This layer bins the residuals, r, according to the value of the corresponding covariates, x1 and x2. Then we calculate the proportion of negative residuals in each bin, which should not deviate too much from the theoretical proportion (eg 0.5 if we fit the median). Mainly useful in conjuction with check2D.

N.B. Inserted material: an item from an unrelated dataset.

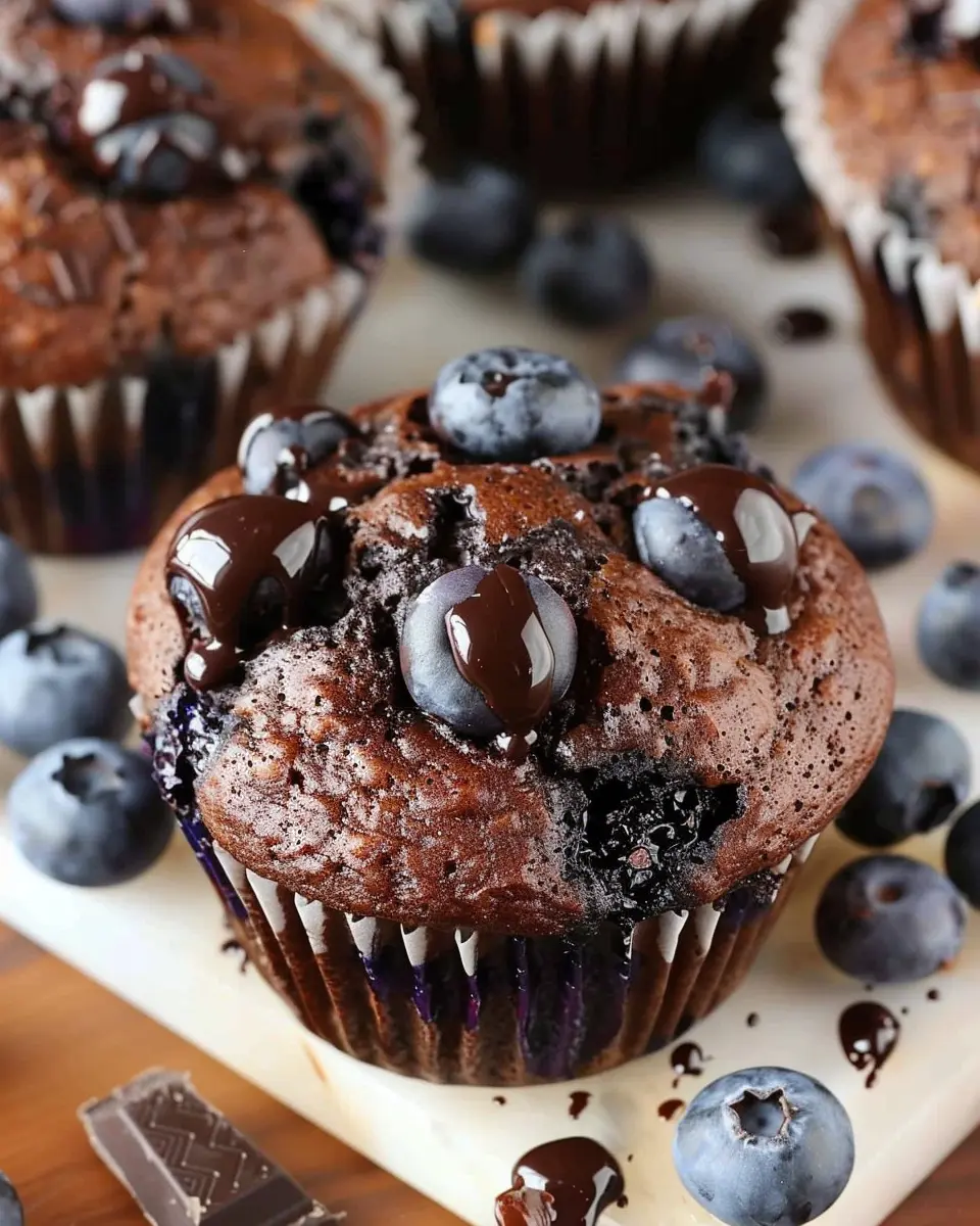 Deliciously moist and rich, these dark chocolate blueberry muffins are a perfect treat for any occasion.

l_gridQCheck2D(qu = NULL, bw = c(NA, NA), stand = TRUE, binFun = NULL, ...)

Arguments

qu

the quantile of interest. Should be in (0, 1).

bw

numeric vector giving bin width in the vertical and horizontal directions. See the binwidth arguments in ?ggplot2::stat_summary_hex. If left to NA, it will be set to 1/20 of the ranges of x1 and x2.

stand

if left to TRUE then the observed proportion of negative residuals p_hat in the i-th cell is normalized using the standard error se = sqrt(qu(1-qu)/n), where n is the number of observation in that cell. That is, if stand=TRUE we plot (p_hat-qu)/se rather than simply p_hat.

binFun

the ggplot2 function used to perform the binning. By default it is either ggplot2::stat_summary_2d or ggplot2::stat_summary_hex, depending on the class of the covariates x1 and x2.

...

graphical arguments to be passed to ggplot2::stat_summary_hex.

Value

An object of class gamLayer

Examples

library(mgcViz); set.seed(4124) n <- 4e2 dat <- data.frame(x = rnorm(n), y = rnorm(n)) # Simulate some data, residuals are heteroscedastic w.r.t. x dat$ob <- (dat$x)^2 + (dat$y)^2 + (0.2*abs(dat$x) + 1) * rnorm(n) b <- qgamV(ob ~ x + s(y), qu = 0.3, data = dat)
#> Estimating learning rate. Each dot corresponds to a loss evaluation. #> qu = 0.3........done
# We have a residual pattern along x (increase n above to # see the problem more clearly) check2D(b, "x", "y") + l_gridQCheck2D(qu = 0.3, bw = c(0.4, 0.4))
# We need a smooth wrt x to make the pattern disappear if (FALSE) { b1 <- qgamV(ob ~ s(x) + s(y), qu = 0.3, data = dat) check2D(b1, "x", "y") + l_gridQCheck2D(qu = 0.3, bw = c(0.4, 0.4)) }